Newt Gingrich, candidate for the Republican nomination for President, wants to arrest judges who make rulings he does not like and force them to testify before Congress.

But what if our elected leaders aren’t so trustworthy? Or what if they are just human? Recently, we’ve seen a growing list of leaders who question or violate the internal safeguards of the constitution against the overreach of government in the national security arena.

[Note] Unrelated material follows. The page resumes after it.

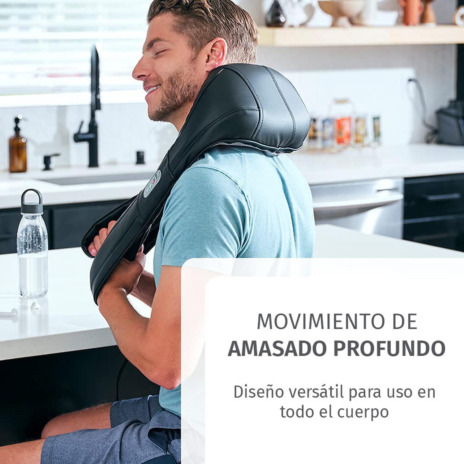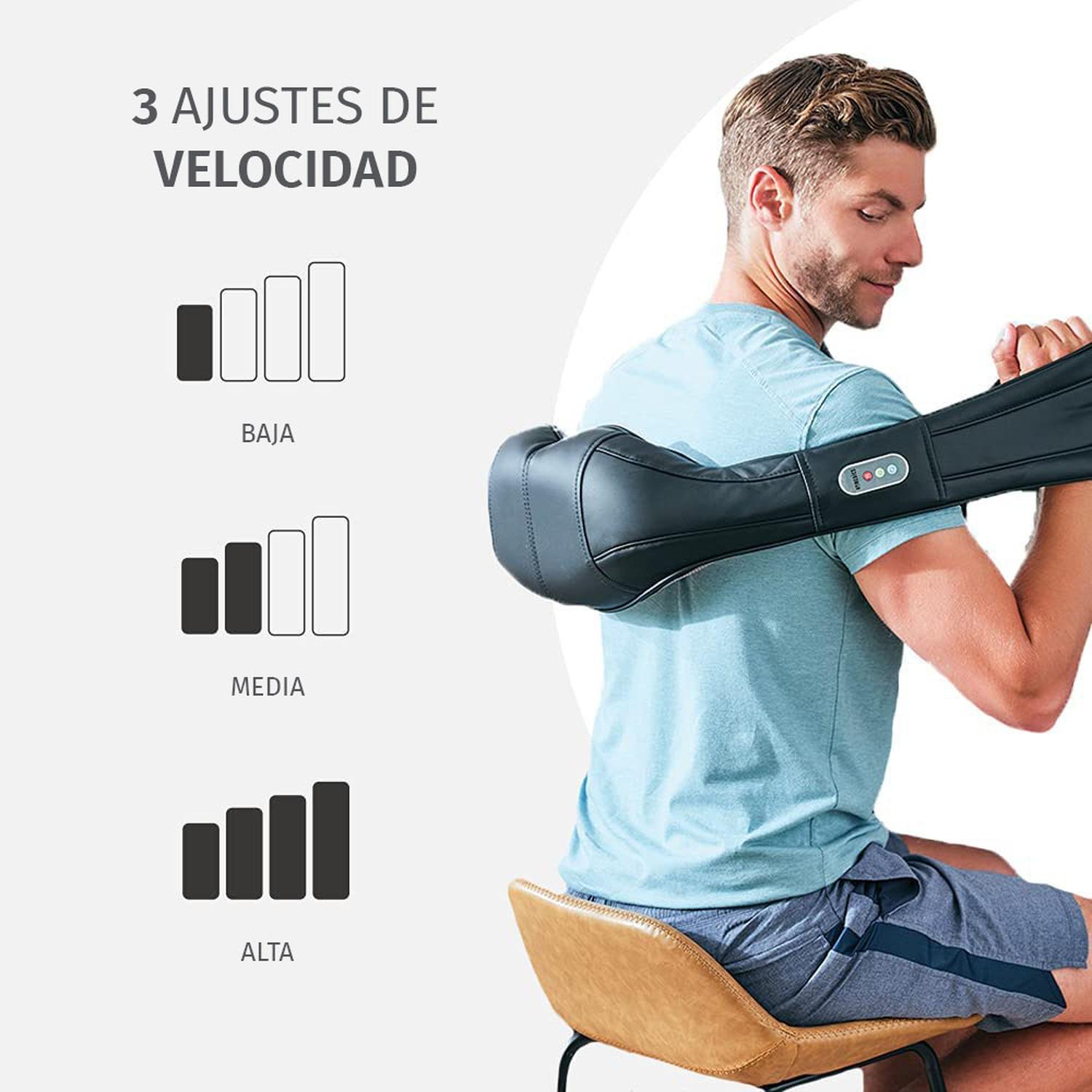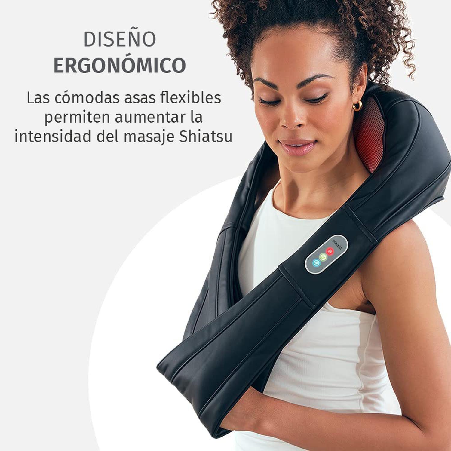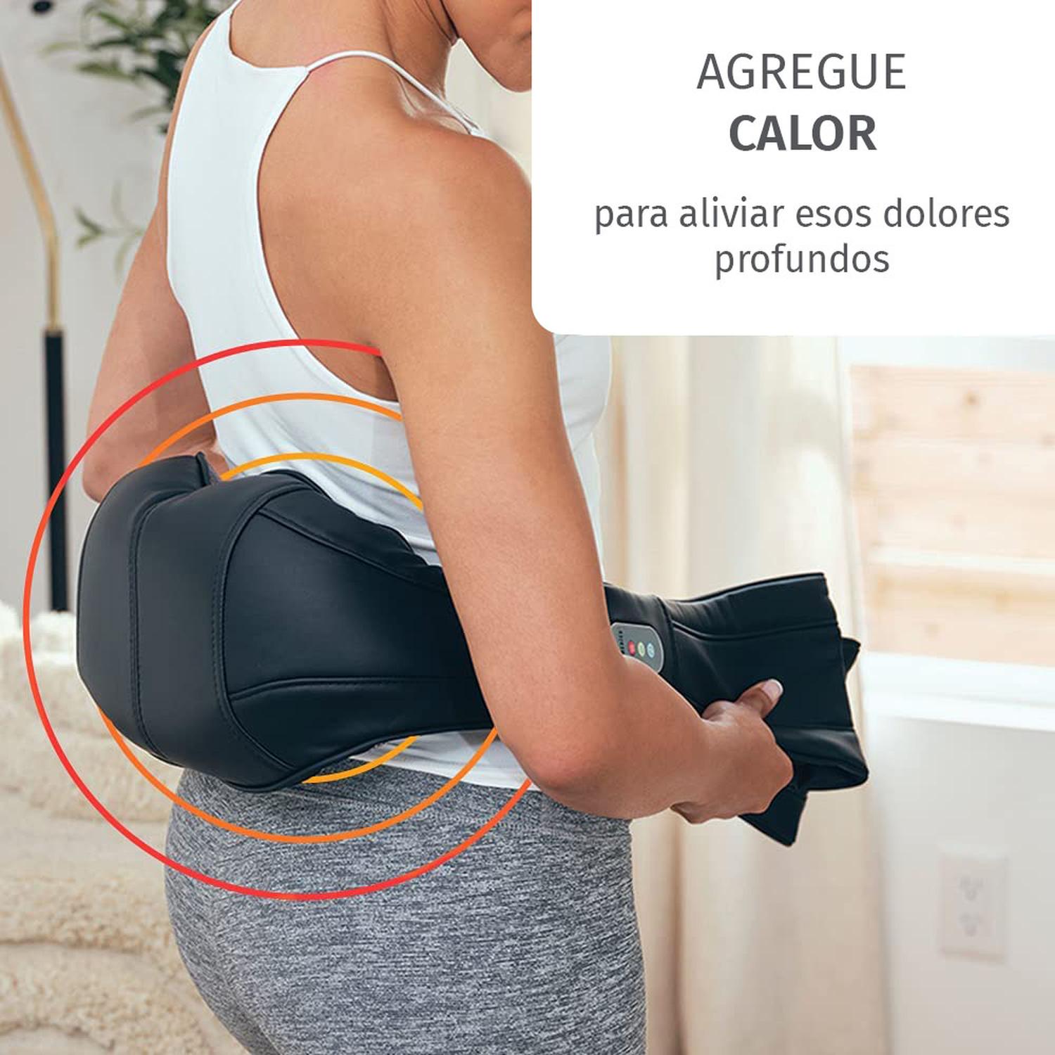 Imagina un masajista experto deshaciendo esa tensión justo donde lo necesitas. Este masajeador Shiatsu es tu alivio personal, diseñado con 4 nodos de acción dual (Quad Action) que amasan profundamente para liberar la rigidez, mientras el calor opcional penetra para disolver el estrés muscular. Con sus 3 niveles de intensidad y sus cómodas asas flexibles, tú tienes el control total de tu relajación.

  • On September 30, 2011, President Obama ordered the killing–by way of cruise missile–of Anwar al-Awlaki, an American born Muslim (from New Mexico) who had become a leading preacher for an Al Qaeda affiliate in Yemen.
  • Newt Gingrich, a leading candidate for the Republican Presidential nomination, argued that judges should be brought before Congress by US Marshals  to justify their decisions. Not only does that allow the Congress to intimidate courts with decisions it does not like, but it puts the rule of law in an inferior place to the rule of men.

That’s just crazy talk. We believe in the rule of law, not men.  When the President or Congress can enforce their will on the point of a gun without any restraint, when the military has unchecked authority to arrest and detain Americans and the people have no recourse to the courts, we are looking at a precarious and dangerous change in the balance between liberty and security.

And that doesn’t even start on SOPA and the limit it will be to the ability of private citizens to find and share information in a day when the US governments intelligence community employs a veritable private army in surveillance of most of the planet.

Security and freedom are both important responsibilities of the government, but overreach in the first can limit and endanger the second. Take a moment and reach out to your elected representatives and let them know your concerns. At the end of the day, an elected representative’s greatest motivation is reelection. Apply that pressure, and push the pendulum back towards balance.

[Bill Text][Salt Lake Tribune][Consource][Wired][Washington Post][Washington Post’s “Top Secret America” report][Raw Story][Washington Monthly][Justia]

About Daniel Burton

Daniel Burton lives in Salt Lake County, Utah, where he practices law by day and everything else by night. You can follow him on his blog PubliusOnline.com where he muses on politics, the law, books and ideas. He is active on social media, Republican politics, and has been named to PoliticIt’s list of the “Top-50 Utah Political Opinion Leaders” on Twitter. You can reach him directly at dan.burton@gmail.com

  • Didn’t the US round up Japenese-Americans into camps during WWII? About 110,000 of them according to Wikipedia: 

    http://en.wikipedia.org/wiki/Japanese_American_internment

    I’d say we’ve almost always made huge mistakes when it’s come to identifying who the enemy is.

    • Fair point, but also I think it’s more a parallel point…

    • And another thing: see, that’s the problem with giving an example, which I did. There’s always an exception. Please note that I did qualify it elsewhere by discussing an enemy that wears a uniform, follows a chain of command, etc. One distinct difference between the boogeyman of our day and that of our grandfathers is that the enemy wore a uniform…usually.

  • Anonymous

    The bipartisan opposition to NDAA and SOPA being in the minority is a good demonstration of how dysfunctional the two parties are.

    • I don’t know if I’d say it’s just the “two parties.” They’re hardly monolithic. More, I’d attribute it to the nature of politics today, and how divisive it has become as the stakes have become higher…but, perhaps, that’s deeper discussion about the kind and form of government we need in this day and age.